When we run the example in the browser, it will show the first and last names. But now we have type checking.

To demonstrate, let’s change the last name from a string value to a number.

Example: src/App.vue
<template>
  <p>Hello {{ p.firstName }} {{ p.lastName }}</p>
</template>

<script lang="ts">
import { defineComponent } from "vue"

interface Person {
  firstName: string,
  lastName: string
}

export default defineComponent({
  data() {
    return {
      p: {
        firstName: 'John',
        lastName: 20

      } as Person
    }
  }
})
</script>

If we try to save the file, the compiler will raise the following error.

Output:
Conversion of type '{ firstName: string; lastName: number; }' to
type 'Person' may be a mistake because neither type sufficiently
overlaps with the other.

If this was intentional, convert the expression to 'unknown' first.

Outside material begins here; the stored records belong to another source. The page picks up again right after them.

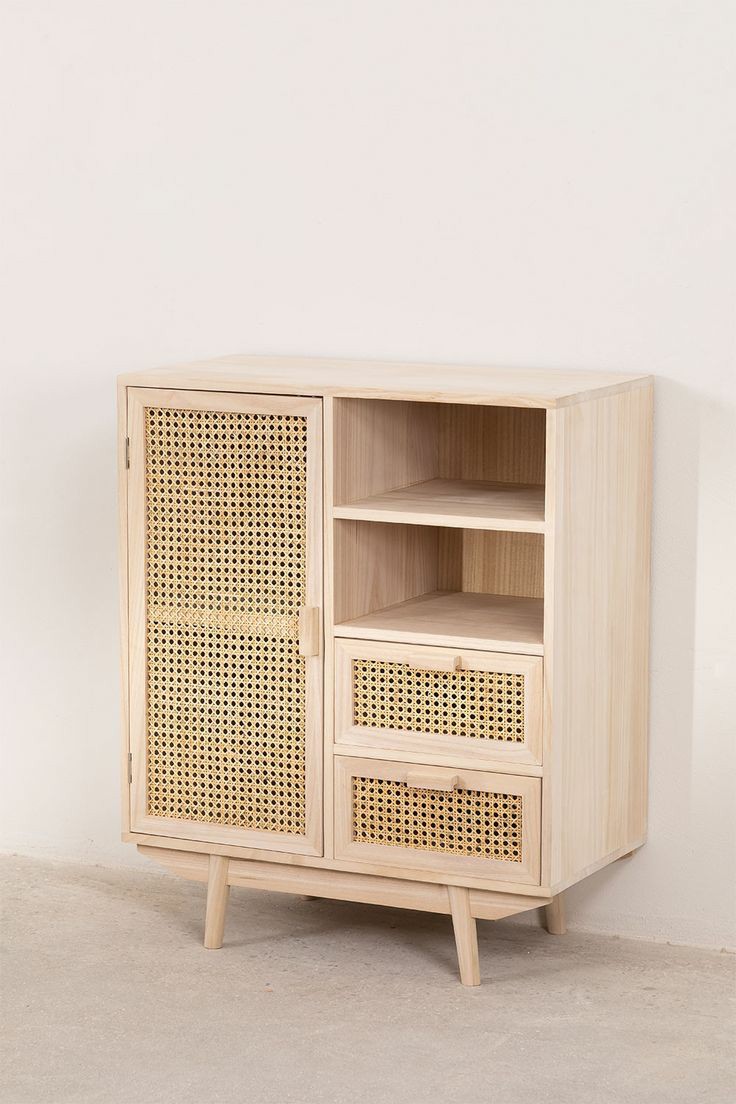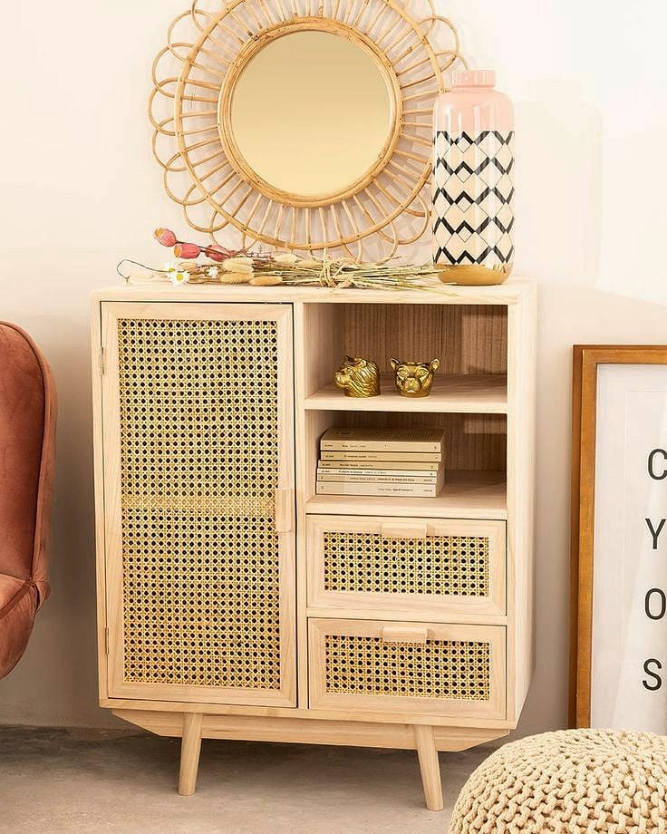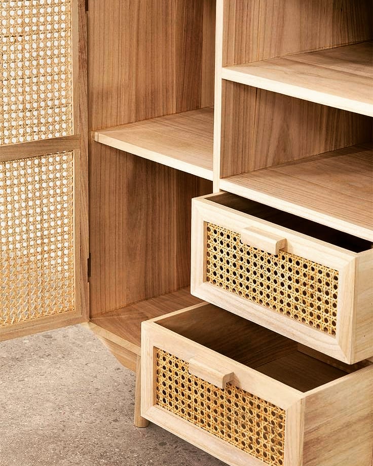 Our Wooden Sideboard with Wicker Drawers is designed following the latest trends in interior decoration, fusing a careful vintage-style design with wicker details with a robust and resistant structure in solid wood.
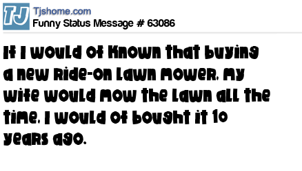 X says if I would of known that buying a new ride-on lawn mower, my wife would mow the lawn all the time, I would of bought it 10 years ago.
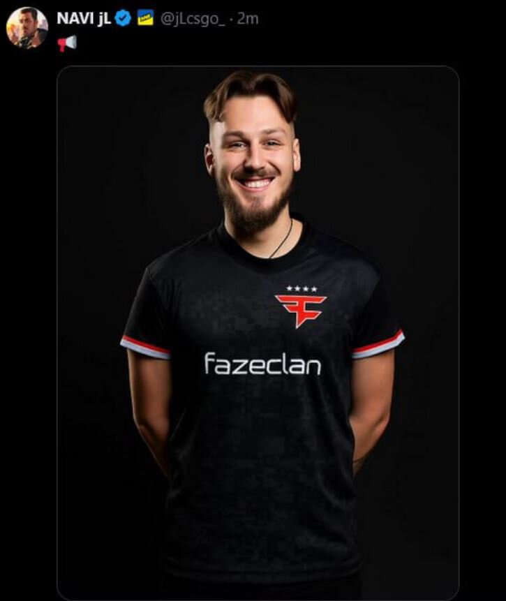 jL отреагировал на слухи об уходе из NAVI эмодзи рупора и фото в форме Faze
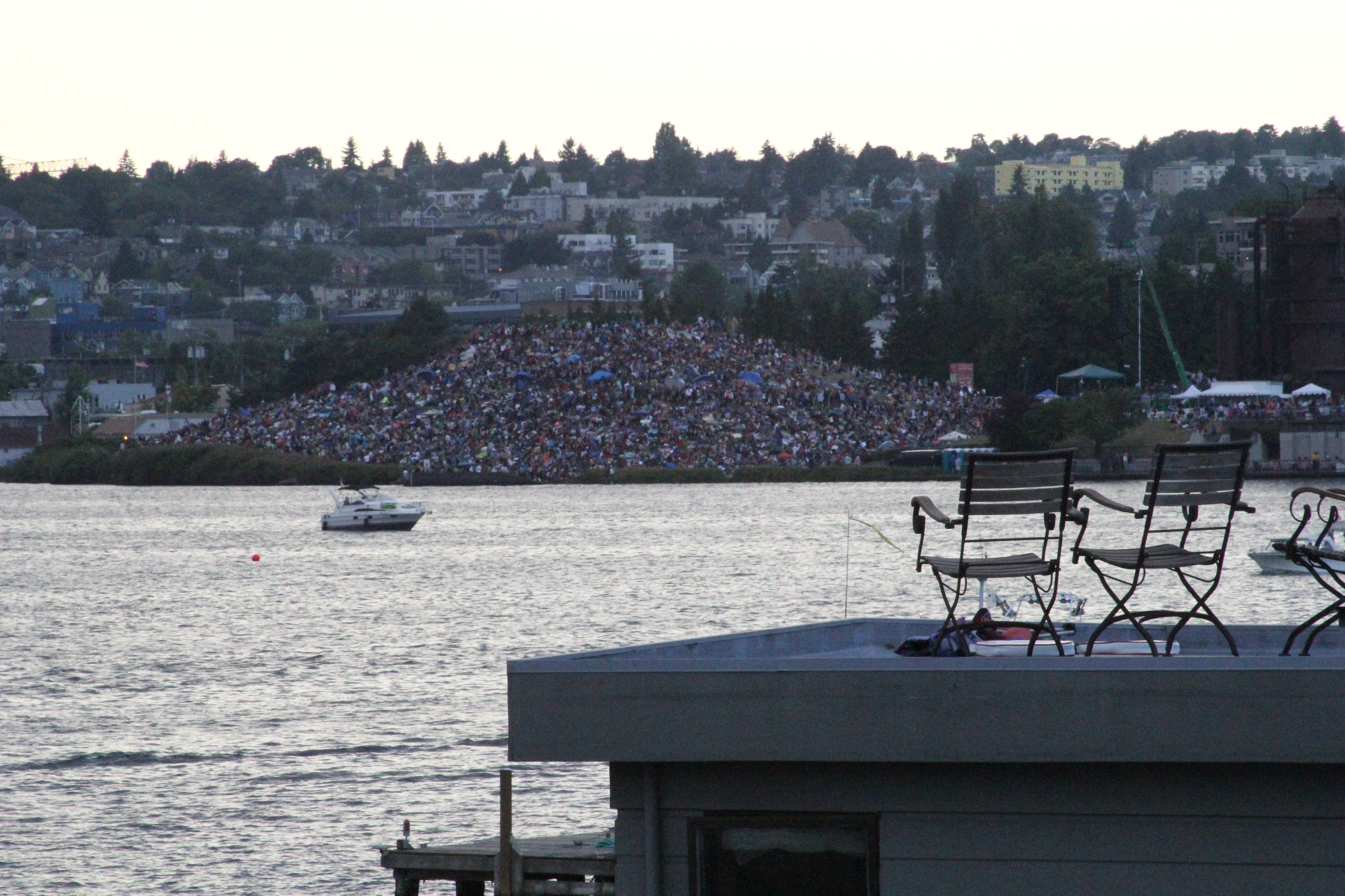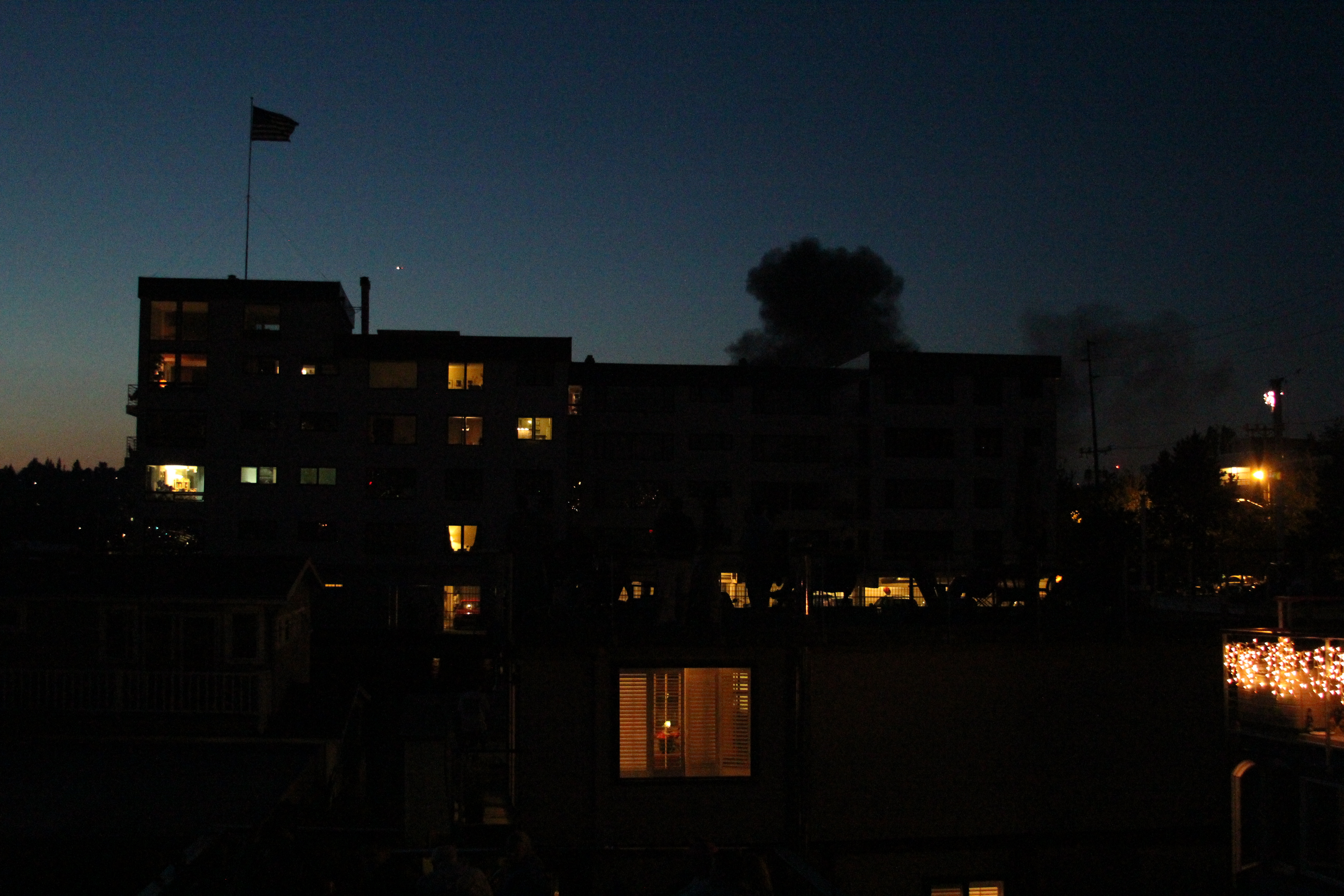 We bided our time with views of the action from the roof. Hordes of humanity covered every inch of Gasworks Park. South Lake Union was bow-to-stern and boat-bumper-to-boat-bumper. Meanwhile, the black smoke of an uncontrolled fire wafting through the neighborhood behind the houseboats (affectionately called “Little Beirut” each 4th) didn’t curtail the ignition of reservation fireworks punctuated by yelps of “‘Merika!” “Whoot!” and “Fuck yeah, dude! That was fuckin’ awesome!” Uh…merica, you are beautiful. Happy Birthday. The fire was apparently a boat storage facility that caught fire. $1.5M in damages.

  Types of property 'lastName' are incompatible.
    Type 'number' is not comparable to type 'string'.

It works the same when the type is defined in an external file. All we need to do is import it to be able to cast to it.

To demonstrate, let’s create a new folder with a standard TypeScript file.

  • src/types/Person.ts

The project should look similar to the following.

Example: project
project-name/
├── src/
|   ├── types/
|   |   └── Person.ts
|   └── App.vue

The Person.ts file will contain the exported Person interface from the previous example.

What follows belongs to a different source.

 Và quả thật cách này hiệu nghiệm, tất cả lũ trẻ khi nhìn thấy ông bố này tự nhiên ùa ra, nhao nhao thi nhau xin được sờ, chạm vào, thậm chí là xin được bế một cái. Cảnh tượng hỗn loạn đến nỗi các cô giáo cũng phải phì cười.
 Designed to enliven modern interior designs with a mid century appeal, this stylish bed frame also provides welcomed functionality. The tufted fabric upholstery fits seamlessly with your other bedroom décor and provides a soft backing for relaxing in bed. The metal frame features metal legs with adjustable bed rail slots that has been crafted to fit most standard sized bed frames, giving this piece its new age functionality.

Example: src/types/Person.ts
export default interface Person {
  firstName: string,
  lastName: string
}

We’ll import it into the root App component for the cast in the data option. We’ll also change the last name back to a string value.

Example: src/App.vue
<template>
  <p>Hello {{ p.firstName }} {{ p.lastName }}</p>
</template>

<script lang="ts">
import { defineComponent } from "vue"
// import type
import Person from '@/types/Person'

export default defineComponent({
  data() {
    return {
      p: {
        firstName: 'John',
        lastName: 'Doe'

      } as Person
    }
  }
})
</script>

When we run the example in the browser, everything works as expected.

Function return value type inference

TypeScript can infer the return value of a function, just like it does with data properties.

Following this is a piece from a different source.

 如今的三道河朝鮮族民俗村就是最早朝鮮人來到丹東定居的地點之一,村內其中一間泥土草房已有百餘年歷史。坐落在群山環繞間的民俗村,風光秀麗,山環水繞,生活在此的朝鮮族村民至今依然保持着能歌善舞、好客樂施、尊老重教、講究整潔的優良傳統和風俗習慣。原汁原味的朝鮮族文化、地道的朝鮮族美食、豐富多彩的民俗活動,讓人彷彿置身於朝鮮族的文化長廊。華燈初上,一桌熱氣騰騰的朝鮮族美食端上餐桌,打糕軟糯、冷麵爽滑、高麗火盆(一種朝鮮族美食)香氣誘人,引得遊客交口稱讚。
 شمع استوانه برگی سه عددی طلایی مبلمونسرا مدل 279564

So far in our examples, we didn’t specify a return type and everything worked correctly.

Example:
methods: {
  changeValue(newVal:number | string) {
    this.msg = newVal;
  }
}

However, it’s considered good practice in TypeScript to explicitly type a return value from a function after its parameter list.

Syntax:
// single type
functionName(): returnType {}

// multiple types
functionName(): returnType1 | returnType2 {}

As an example, let’s add a number and string return type to our function and return the property assignment.

Example: src/App.vue
<template>
  <h1>{{ msg }}</h1>
  <button @click="changeValue(20)">Change value</button>
</template>

<script lang="ts">
import { defineComponent } from 'vue'

export default defineComponent({
  data() {
    return {
      msg: 'Hello, World!' as number | string
    }
  },
  methods: {
    changeValue(newVal:number | string): number | string {
      // a typed return value
      // must return something
      return this.msg = newVal;
    }
  }
})
</script>

If we run the example in the browser and click on the button, everything still works as expected.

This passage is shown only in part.